AROUND THE HORN.

•  I've always enjoyed Armond White's totally insane film criticism, and now that he's at National Review he's gotten even better, leaning more heavily on his culture-warrior malarkey. Since his targets are mostly crap like Maleficent ("All that’s certain is Jolie and Disney’s intention to overturn fundamental moral precepts"), who gives a shit? It's even funnier when White celebrates the "affectionate, often ribald humanity" of... Adam Sandler (who is also the target of the "Lamestream" and its "barely veiled political invective" -- why, do you know, they even call him "tasteless or corny"! Yeah, Adam Sandler!). But in one way it's sad: Once upon a time National Review hired critics like John Simon. Simon was temperamentally conservative (that is, an asshole) and at least as funny in his disapproval as White, but  also interesting when he liked something -- because, for one thing, that happened so rarely, and, for another, he was an astute observer whose tastes were as broad as his standards were high. He could identify and explain the true art in films that wouldn't seem to his tastes -- not only Bergman and Wertmuller, but also, for example, John Avildsen's Joe. Sociopolitical analysis didn't play a big role in his criticism because he focused on the art. It's a shame that no one could expect such a thing of National Review nowadays.

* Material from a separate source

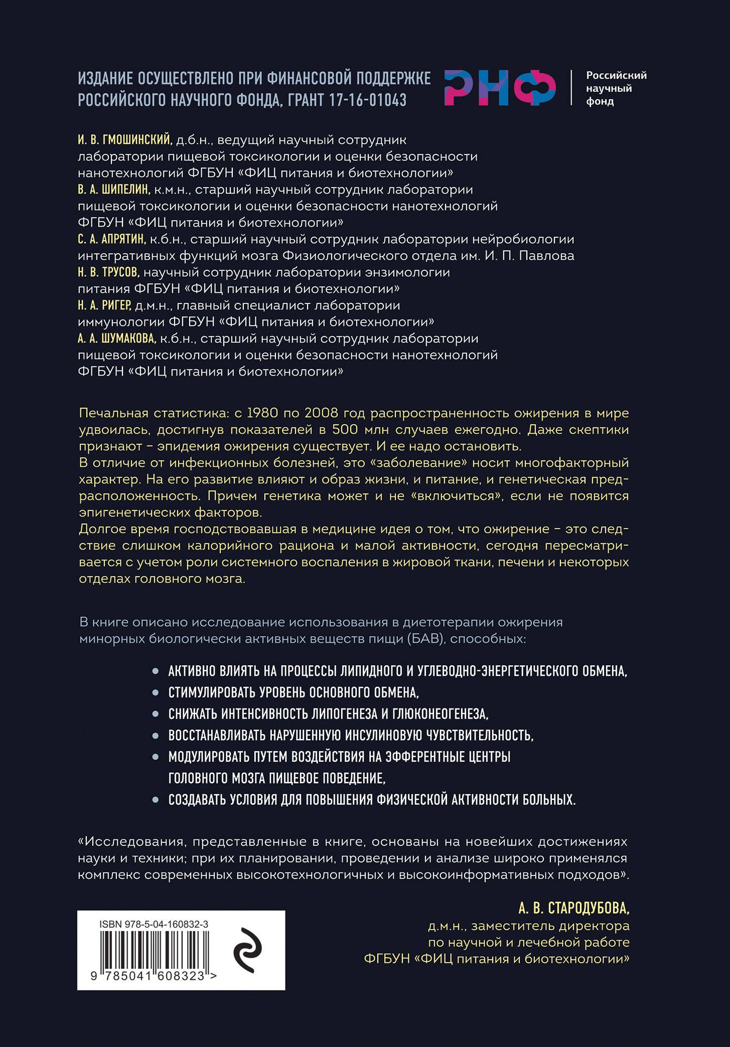 Что такое эффекторные звенья метаболизма? Если говорить простым языком, это те самые цепочки причин и следствий, которые в итоге приводят или к развитию ожирения, или к похудению. Команда российских ученых из Федерального исследовательского центра питания, биотехнологий и безопасности пищи провело и опубликовало результаты многолетних исследований влияния тех или иных элементов на развитие метаболического синдрома: - кварцетин и ресвератрол; - l-карнитин, тирозин и триптофан; - геномные и эпигеномные маркеры набора лишнего веса; - регуляторные микроРНК в патогенезе ожирения. И еще 10 маркеров, которые исследовали, изучили и выявили их реальный вес в ожирении человека.| Издательство | Эксмо |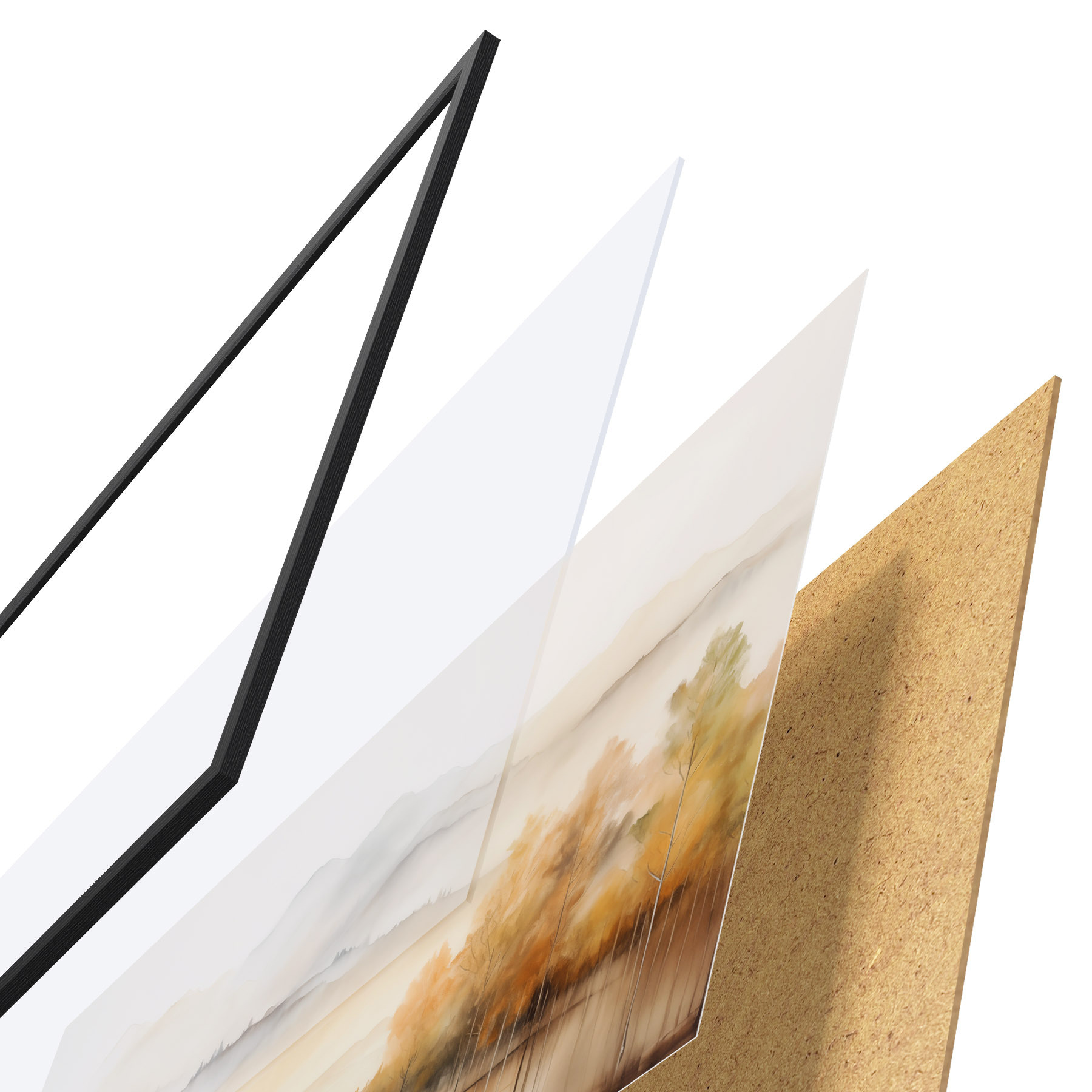 Il poster è composto da cornice, plexiglass, immagine stampata e supporto in truciolato. Il poster può essere immediatamente appeso alla parete grazie ai supporti sul retro.

•  Ramesh Ponnuru on Hillary Clinton's age: "Age was a legitimate issue to consider when McCain ran for president. (I wrote an article urging him to allay concerns about his age by pledging to serve one term and picking a reassuring running mate. His campaign let me know my advice was considered, but he went a different way.)" As I am a Christian I want to believe "let me know my advice was considered" is a joke on Ponnuru's part. If so, nice one! There, that's my bipartisanship quota for the month. (Ponnuru's plan for McCain 2008 was sweet reason itself compared to Noah Millman's Palin-resigns-upon-McCain's-death idea. I wonder if the McCain campaign called him back.)

UPDATES.

•  No week is complete without a Jonah Goldberg mouthfart. This one's on the UCSB killings:
And, yes, guns need to be part of that equation. But blanket efforts to ban guns seem like an analogous effort to ban dangerous speech or art.
"Seem like an analogous effort" is the mush-mouth tipoff that Goldberg is lost in the clouds (actually, "blanket efforts to ban guns" is similarly meaningless), but what makes it even dumber is that for years Goldberg's been telling readers that he's in favor of censorship. I guess defending guns after a massacre is such a key part of the National Review mission that he doesn't mind breaking character for it.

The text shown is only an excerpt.